A movie recommendation system in the form of an API. It contains the implementation of a User/User collaborative filtering algorithm to recommend movies.
The docker-compose command will automatically bring up a postgres server, load it with data and finally bring up the movierama service.
-
Compile:
$ mvn clean package -
Run:
$ docker-compose -f docker/docker-compose.yml up -
Swagger URL:
http://localhost:8080/swagger-ui.html
-
A user can rate a movie he viewed.
- POST:
http://localhost:8080/users/1/movies/1/ratings/5
- POST:
-
A user can retrieve information about the movies he viewed. The response is paginated.
- GET:
http://localhost:8080/users/1/movies/pages/1
- GET:
-
A user can retrieve a number of movie recommendations.
- GET
http://localhost:8080/users/1/movies/recommendations/5
- GET
NOTE: The movie descriptions are consumed from the external API: https://api.themoviedb.org.

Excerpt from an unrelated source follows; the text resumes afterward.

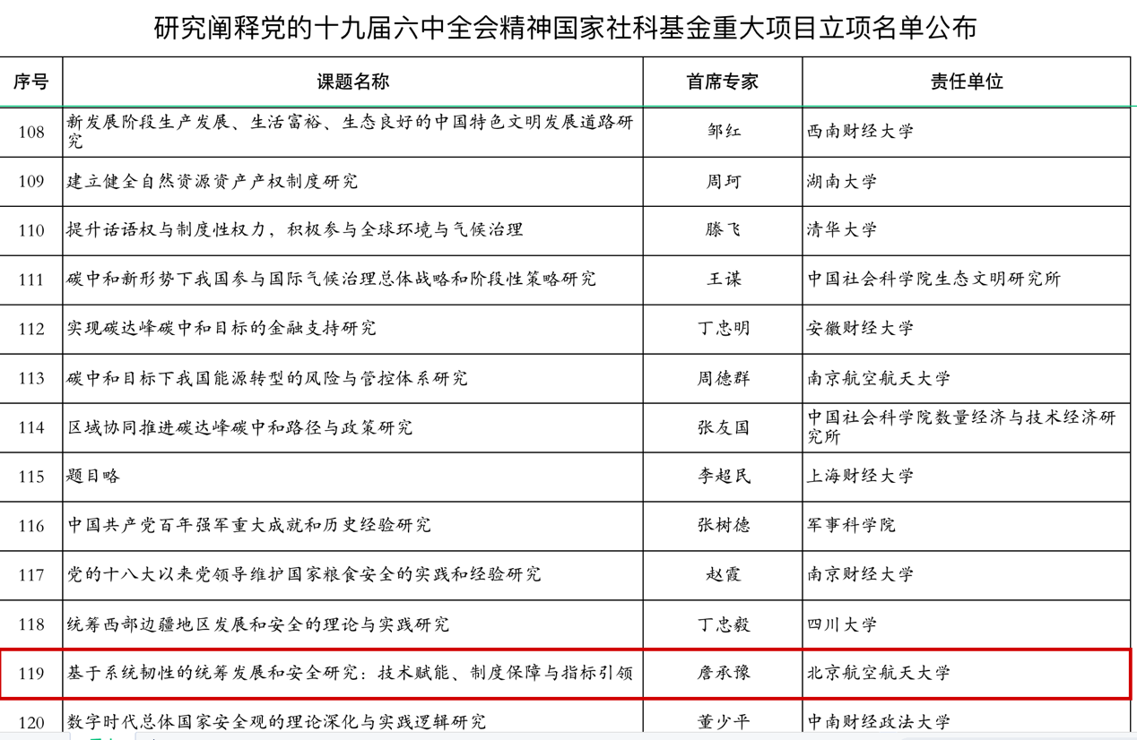 “研究阐释党的十九届六中全会精神”国家社科基金重大项目立项名单正式公布,英国上市官网365共有1项入选,即英国上市官网365詹承豫教授团队的课题“基于系统韧性的统筹发展和安全研究:技术赋能、制度保障和指标引领”。这是公司国家社科重大项目立项取得的又一次重要突破。
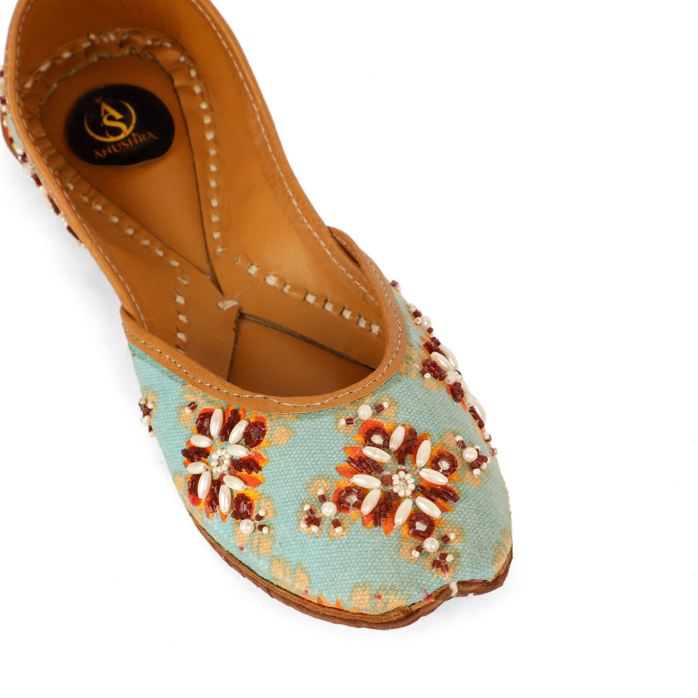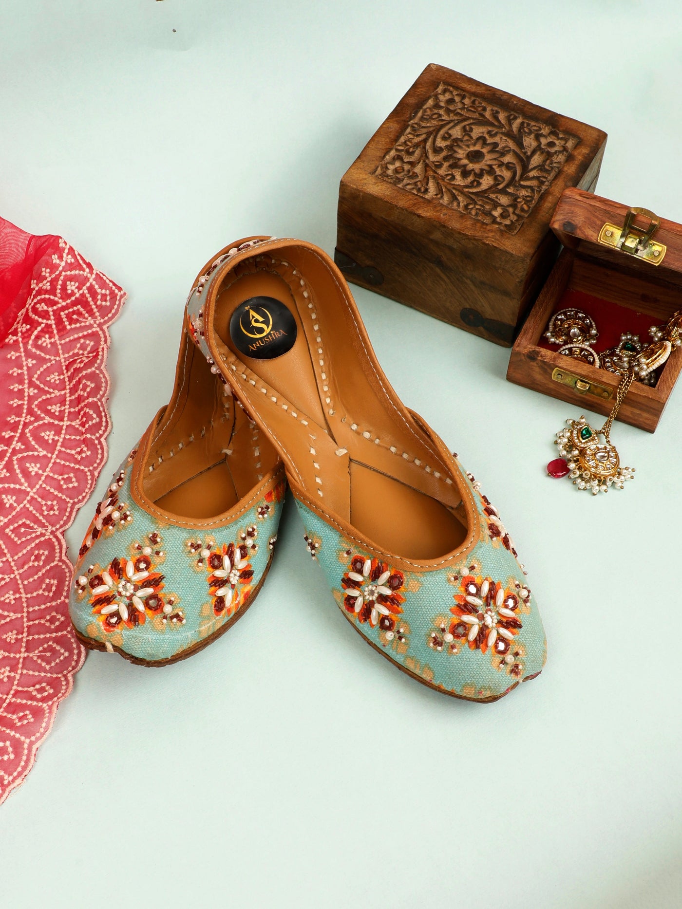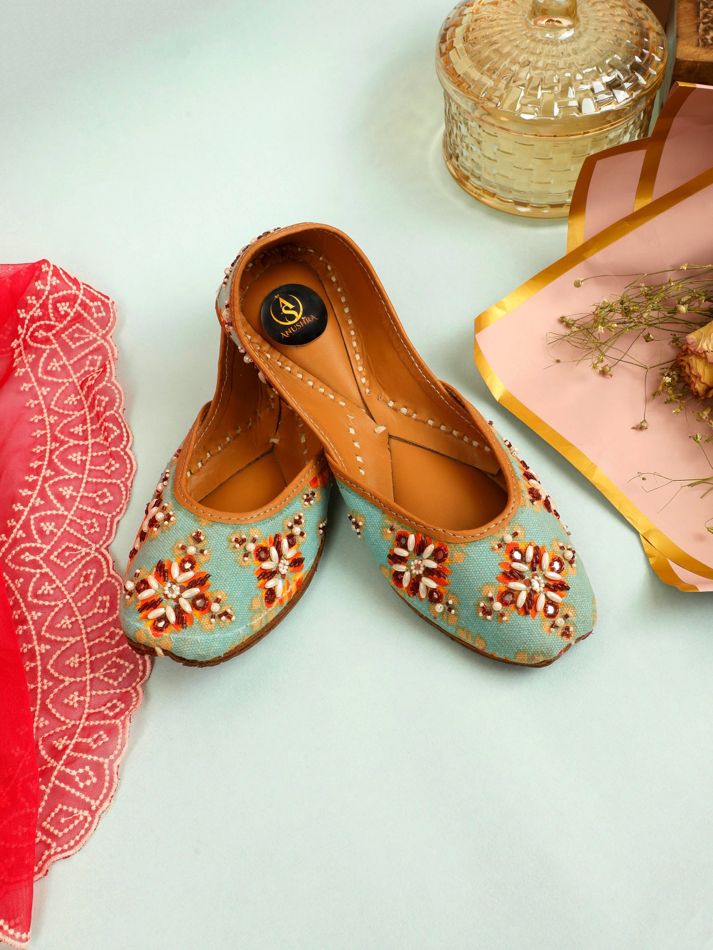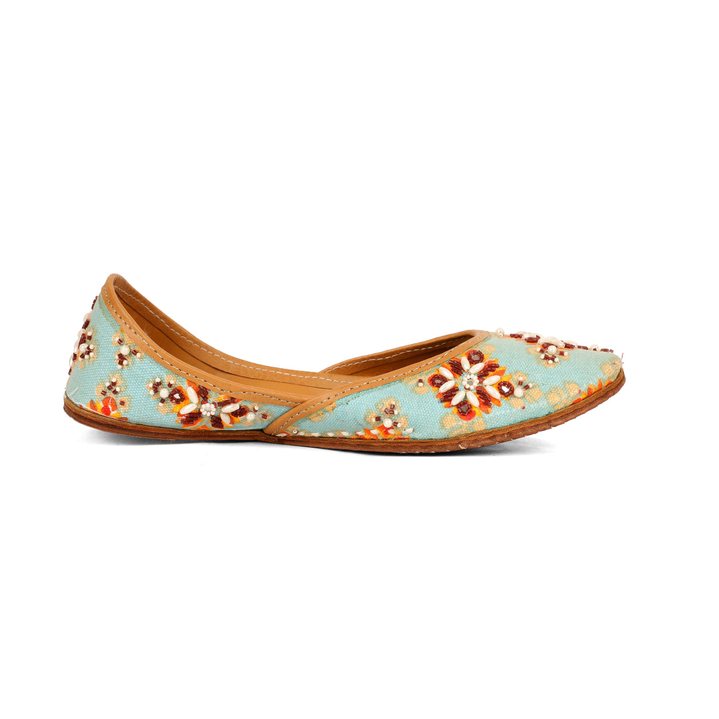 Bring festive elegance to your every step with our Mehfil  Jutti. Set on a refreshing aqua base, this jutti is beautifully hand-embellished with floral motifs in warm hues of rust, ivory, and gold beads. The intricate craftsmanship adds a joyful charm, while the soft leather lining ensures comfort throughout the day. Perfect for celebrations, daytime weddings, and ethnic gatherings, this pair effortlessly blends vibrancy with tradition.

The movielens dataset has been used to populate the user profiles.
- Location:
$ wget http://files.grouplens.org/datasets/movielens/ml-latest-small.zip
The ratings.csv and movies.csv have been preprocessed with the scripts located at: sql/data/scripts. These are:
-
preprocess-movie-data.sh -
preprocess-rating-data.sh
The SQL statements which are produced by these two scripts and that populate the DB are located at sql/schema/DATA-[MOVIES|RATINGS].sql.
The DB schema is located at sql/schema/TABLES.sql.
All schema and data are loaded automatically with the docker-compose command.